Networking giant introduces technologies to automate and secure the enterprise LAN.
Cisco on Tuesday unveiled a set of software and hardware designed to create an "intuitive" enterprise network for the mobile and cloud era. Built on its Digital Network Architecture, Cisco's intent-based networking technologies include three key pieces: a DNA Center management dashboard, new Catalyst 9000 switches, and security analytics that can detect malware in encrypted traffic.
"Today I believe we're reinventing the network for the next 30 years," Cisco CEO Chuck Robbins said in a media and analyst event in San Francisco. "We're truly building the network of the future."
The network of the future needs to be able to scale massively to accommodate the connectivity needs of mobile users and Internet of Things devices, he said. With so many more connections, the threat surface increases, making security a priority.

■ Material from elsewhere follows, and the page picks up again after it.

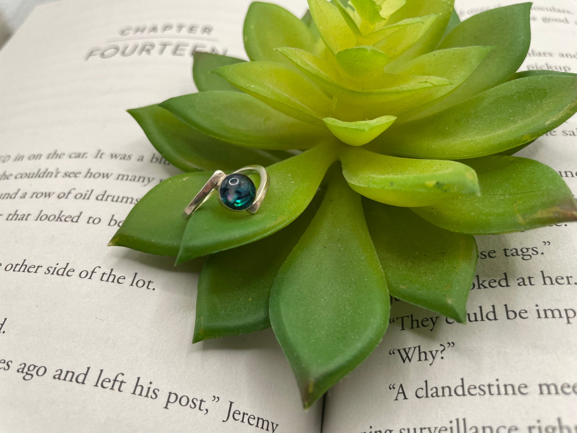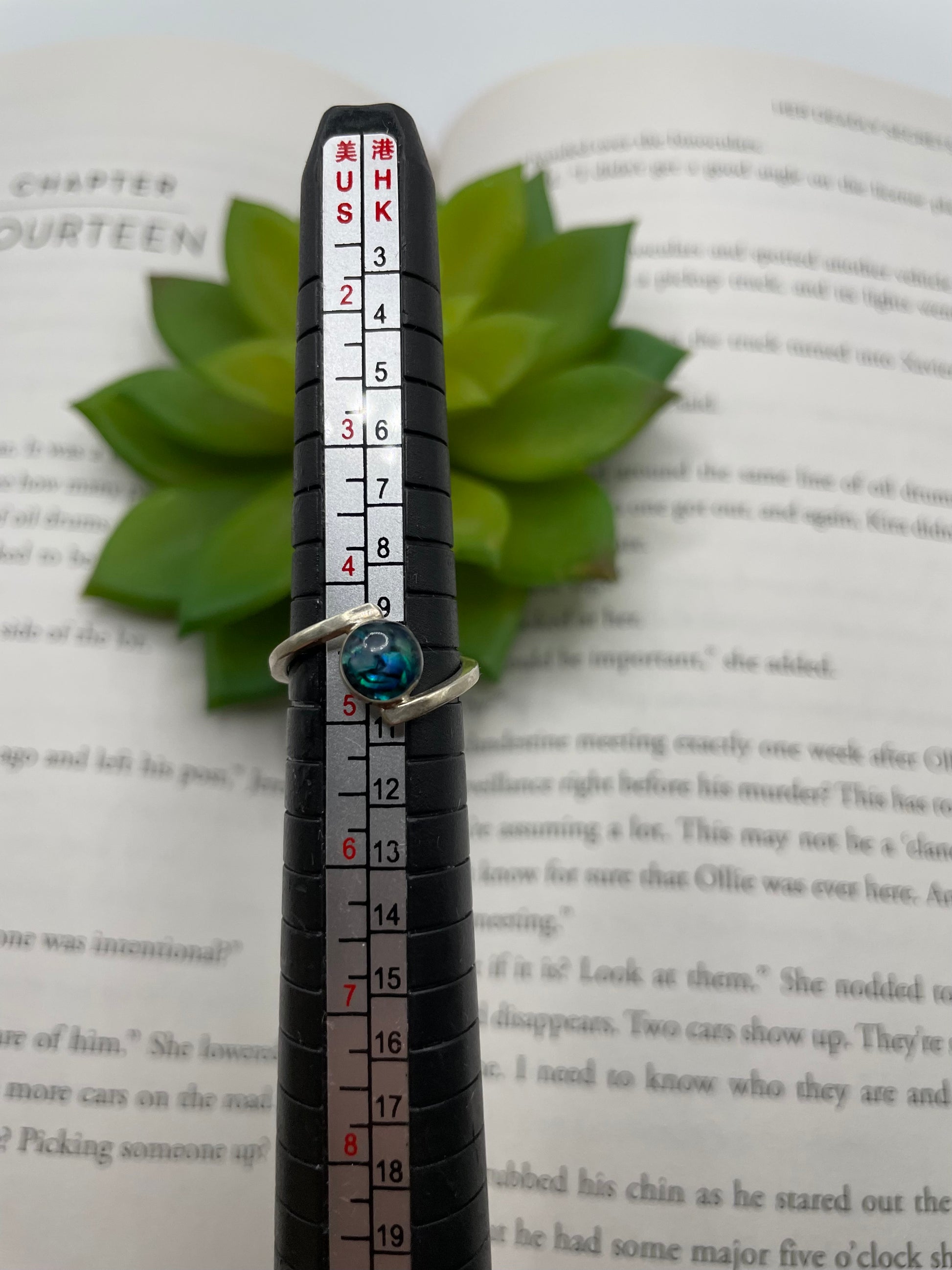 Elegant and minimalist, this 925 sterling silver ring features a small round bezel set with shell in resin, revealing deep shades of blue and green with natural iridescent highlights. Its open, delicate band makes it comfortable and refined — perfect for subtle everyday wear or stacking with other rings.

Cisco's vision is a secure, intelligent platform with analytics that advances digital business, he said.
"A network that actually thinks on behalf of our customers," Robbins said. "Technology that's intuitive from conception and adapts over time."
David Goeckeler, senior VP and general manager of networking and security at Cisco, said the new DNA technologies are the result of several years of work by company engineers. Announced last year, DNA extends software-defined networking from the data center to the campus and branch and focuses on automation, analytics, programmability and cloud service management.
DNA Center provides centralized management for the enterprise network and integrates with Cisco Identity Services Engine (ISE). The new Catalyst 9000 switches are built from the ground up to meet mobile and cloud requirements and feature programmable ASICs, and support third-party applications, Goeckeler said.
"We've rebuilt IOS for the digital age," he said, describing it as open, programmable, API-driven, and modular. "This will drive intent-driven networking for the next 30 years."
Goeckeler called Cisco's new ability to hunt down malware in encrypted traffic without decrypting the traffic a "true revolutionary breakthrough." The capability, enabled by the new Catalyst ASIC, combines Cisco Talos threat intelligence with machine learning to spot patterns of malware on the network while preserving data privacy. "We really believe this is a huge step forward for cybersecurity," Goeckeler said.
Other new technologies announced Tuesday include a new analytics platform that aggregates and correlates network data, and applies machine learning to provide guidance through the DNA Center Assurance service, and Software-Defined Access for automated policy enforcement and network segmentation.
He added that the advanced features such as encrypted traffic analysis are really innovative. "No longer do enterprises have to pick and choose which traffic types they decrypt for inspection. They can skip decryption and monitor the network without facing the risk of exposing data," he said.
McGillicuddy said DNA Center's integration with ISE, a technology for identifying endpoint devices and user IDs, is key. "ISE populates that information into DNA Center, and network engineers can drag and drop things like 'accounting department users' or 'R&D scientists' into specific virtual networks they create in DNA Center," he said.
Mike Fratto, research director of enterprise networking and data center technology at Current Analysis, said the Catalyst 9000 series looks solid. "It really starts to take off with DNA Center, but it seems not entirely full featured from a workflow management perspective," he said in an email. The switches use a mix of existing technology such as IOS XE, SGT and VXLAN "to form the fabric with new tech borrowed at least in spirit from the Nexus 9000 line for things like telemetry," he said.
"What's interesting is that unlike with the ACI launch, Cisco included support for the most common Catalyst switches, offering investment protection for existing users and easing migration," Fratto said.
Cisco said customers buying the new Catalyst 9000 switches will buy the DNA software capabilities via subscription, either through Cisco ONE suites or as individual components.
Seventy-five organizations, including NASA and Royal Caribbean Cruises Ltd., are conducting field trials of the new technologies Cisco unveiled Tuesday.
Intent-based networking isn't new. Earlier this year, Andrew Lerner, research director at Gartner, described it as the next big thing on the networking horizon.
"Intent-based networking is not a product, or a market. Instead, it is a piece of networking software that helps to plan, design and implement/operate networks that can improve network availability and agility," he wrote in a blog post. Companies developing the technology include Apstra, which offers intent-based networking for data center networks.